* _Problem statement_
Only the lines from the one containing "소녀 바지 봄과 가을" through the end of the entries are wanted, retyped exactly and without pictures.

(Extracted records)
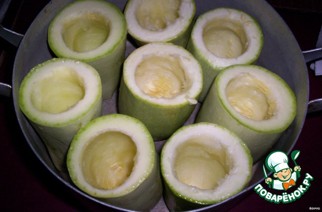 - нафаршировать кабачки мясом , луком, морковью, перцем кабачки , на дно кастрюли налить горячей воды (4 -5 см. ), посолить поперчить.
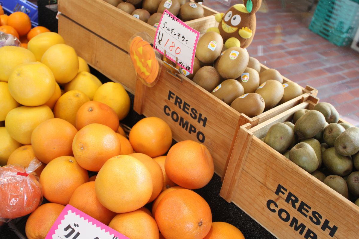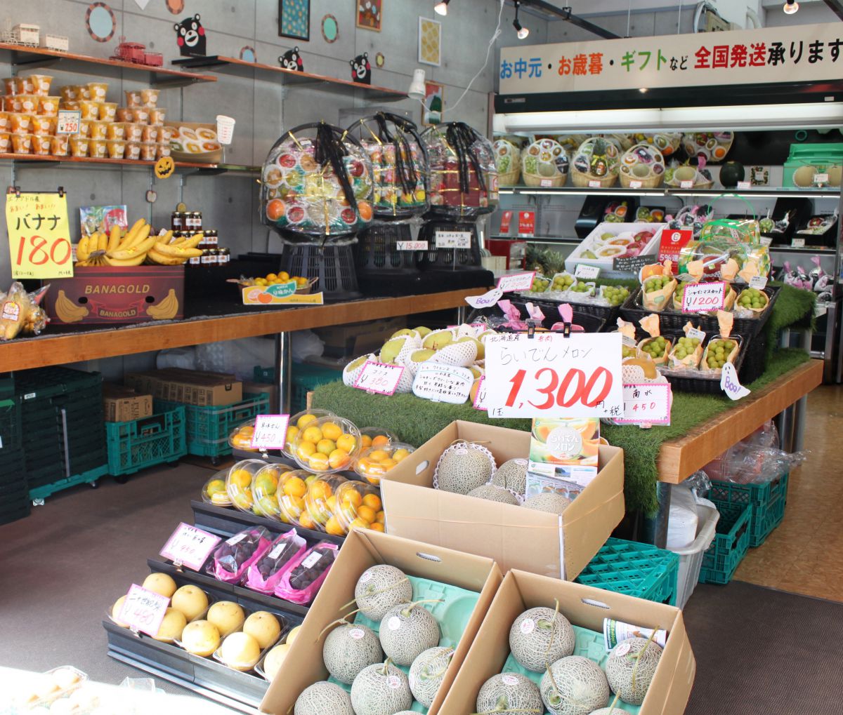カフェのすぐとなり、フルーツ専門店「果楽土(からっと)」には、毎朝市場で仕入れる新鮮な果物ガズラリ。2009年の創業以来、地元の常連さんを中心に多くのファンから親しまれています。
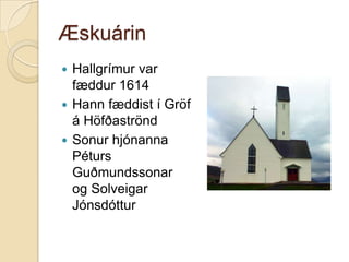 ÆskuárinHallgrímur var fæddur1614Hann fæddist í Gröf á HöfðaströndSonur hjónanna Péturs Guðmundssonar og Solveigar Jónsdóttur
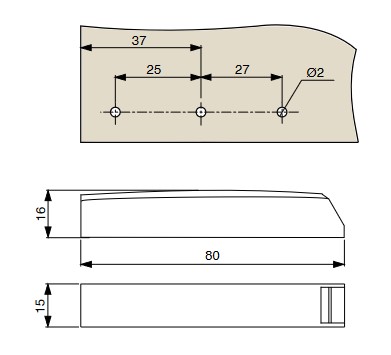 Adaptér pro píst bezúchytkového otevírání dveří pro instalaci dovnitř korpusu bez nutnosti vrtání do hrany.
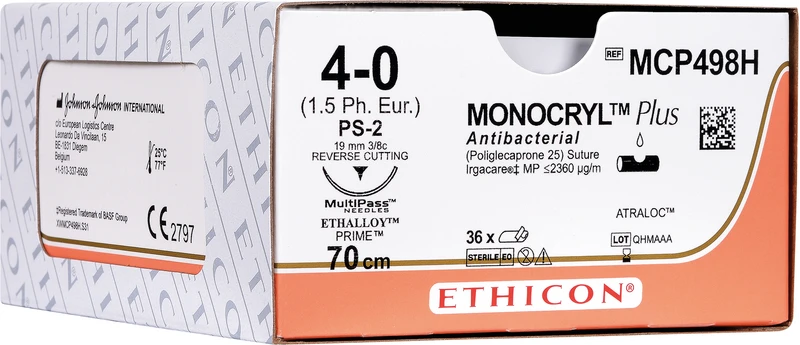MONOCRYL Plus ist ein synthetisches, resorbierbares Nahtmaterial mit einer monofilen Struktur. Dieses antiseptisch beschichtete Nahtmaterial mit Triclosan zeigt eine Reduzierung des Risikos von postoperativen Wundinfektionen.
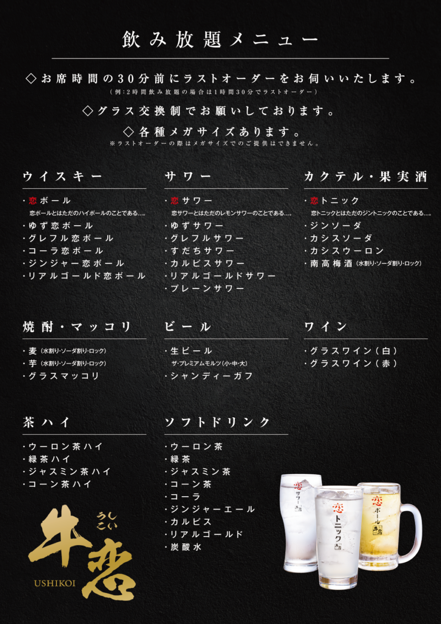 いずれも『牛恋』が誇る赤身肉の旨さを堪能できるプランで、120分飲み放題(90分L.O.)がセットになっている。気軽に楽しめるお手頃コースから、贅沢な厚切り赤身や希少部位を含むプレミアムプランまで、予算や好みに合わせて選べるのが魅力的だ。
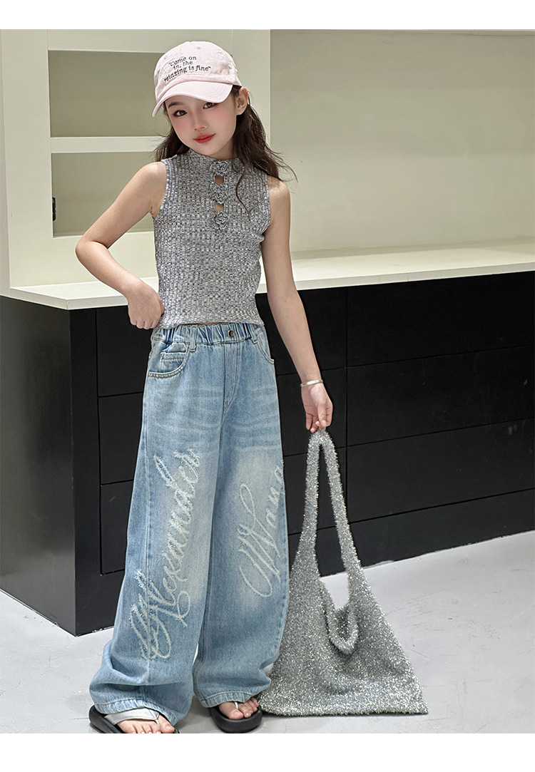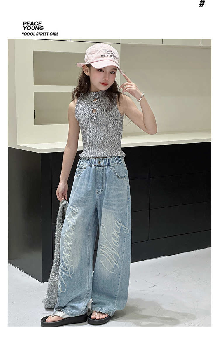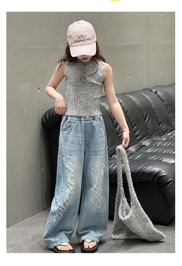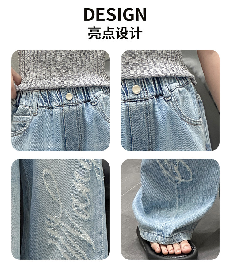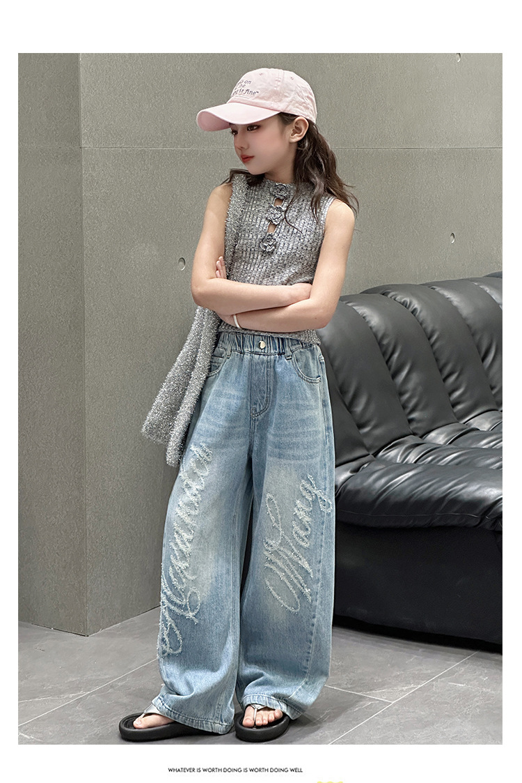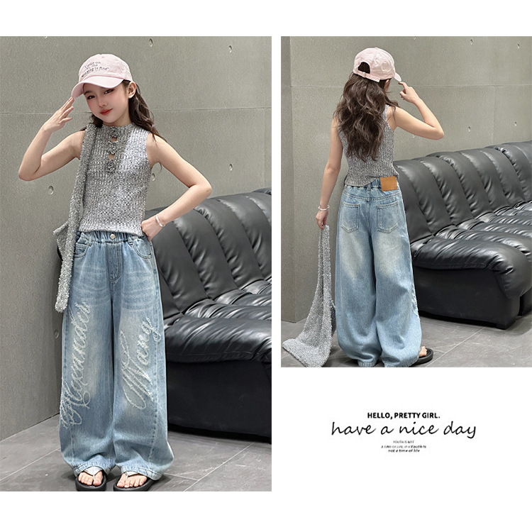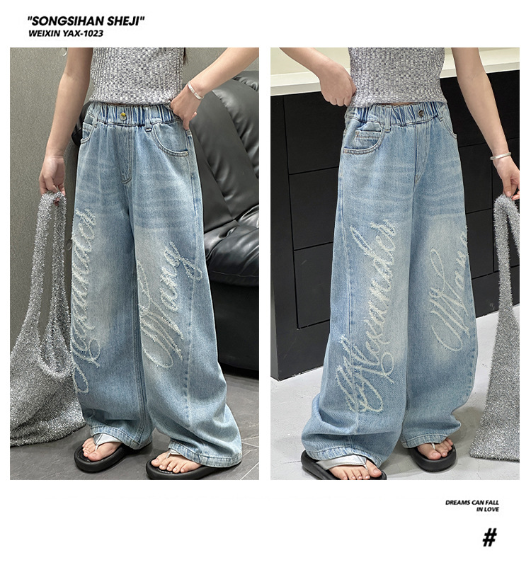 소녀 바지 봄과 가을 2025 새로운 어린이 캐주얼 서양식 스포츠 바지 큰 어린이 느슨한 데님 Scimitar 바지스토어 가기
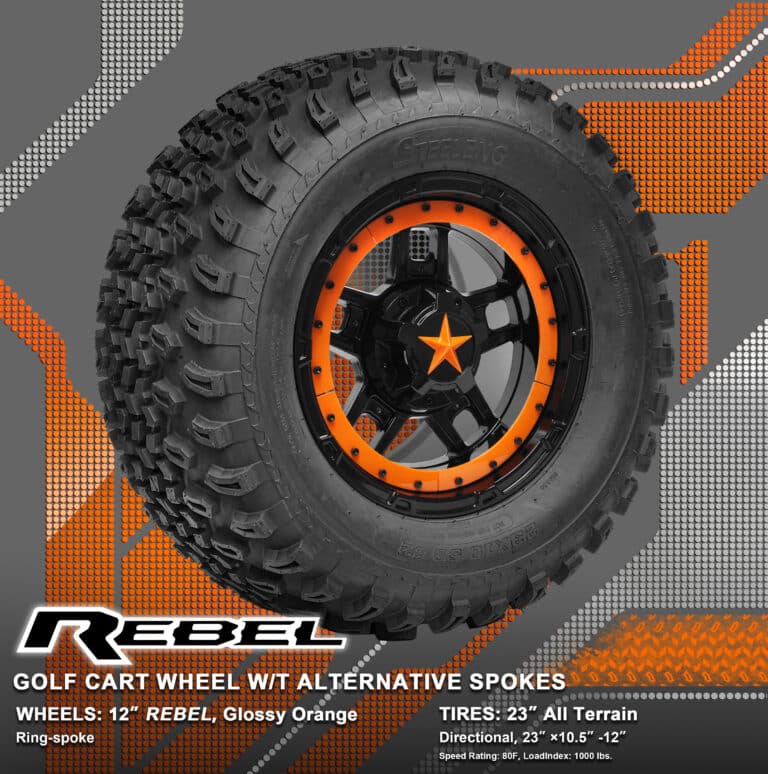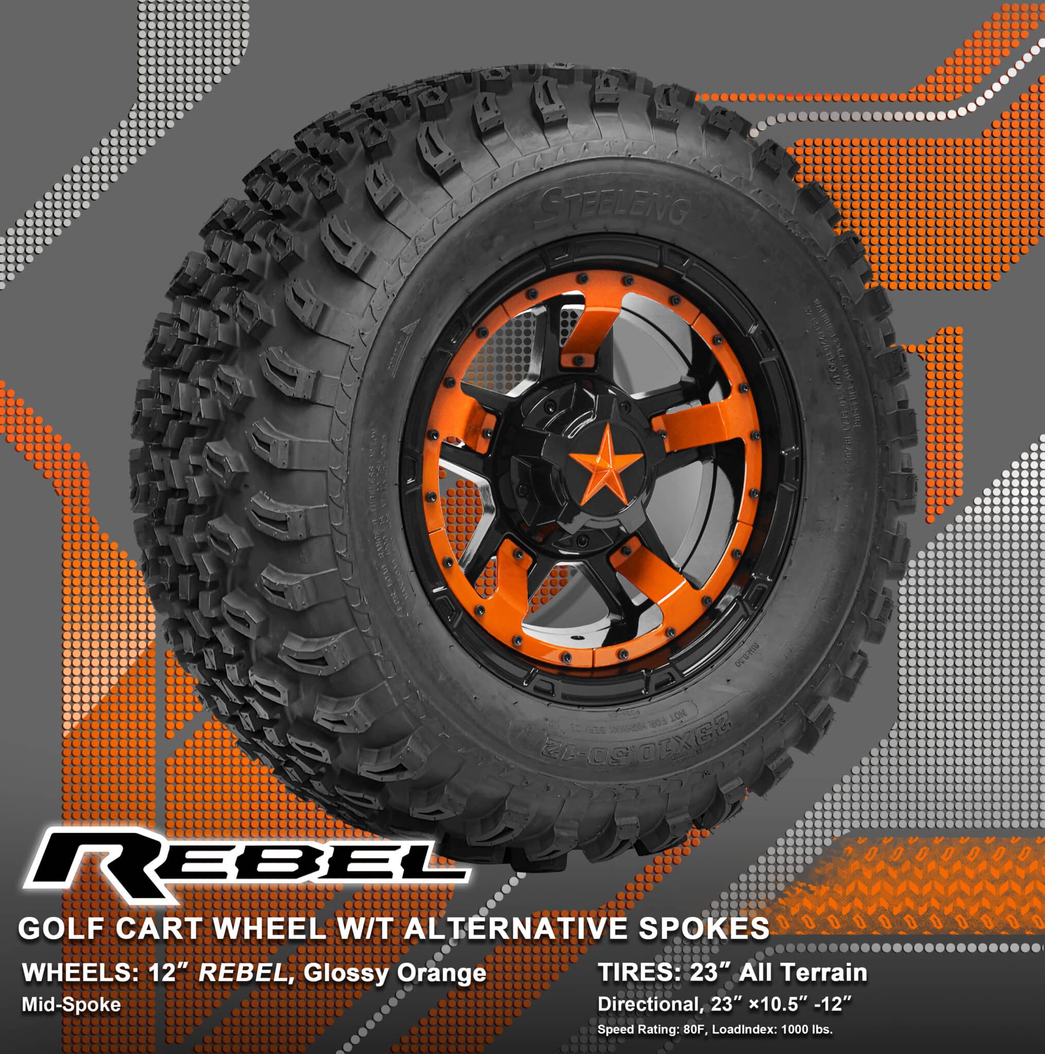 BNDL-TR1205-WH1251-WIRB07-LN0002 – SGC 12″ REBEL Glossy Black Wheel – Aluminum Alloy / STEELENG 23″x10.5″-12″ All Terrain Tire / REBEL Inserts-Mid Spoke-Glossy Orange

* _Answer to this exercise_
 소녀 바지 봄과 가을 2025 새로운 어린이 캐주얼 서양식 스포츠 바지 큰 어린이 느슨한 데님 Scimitar 바지스토어 가기
 BNDL-TR1205-WH1251-WIRB07-LN0002 – SGC 12″ REBEL Glossy Black Wheel – Aluminum Alloy / STEELENG 23″x10.5″-12″ All Terrain Tire / REBEL Inserts-Mid Spoke-Glossy Orange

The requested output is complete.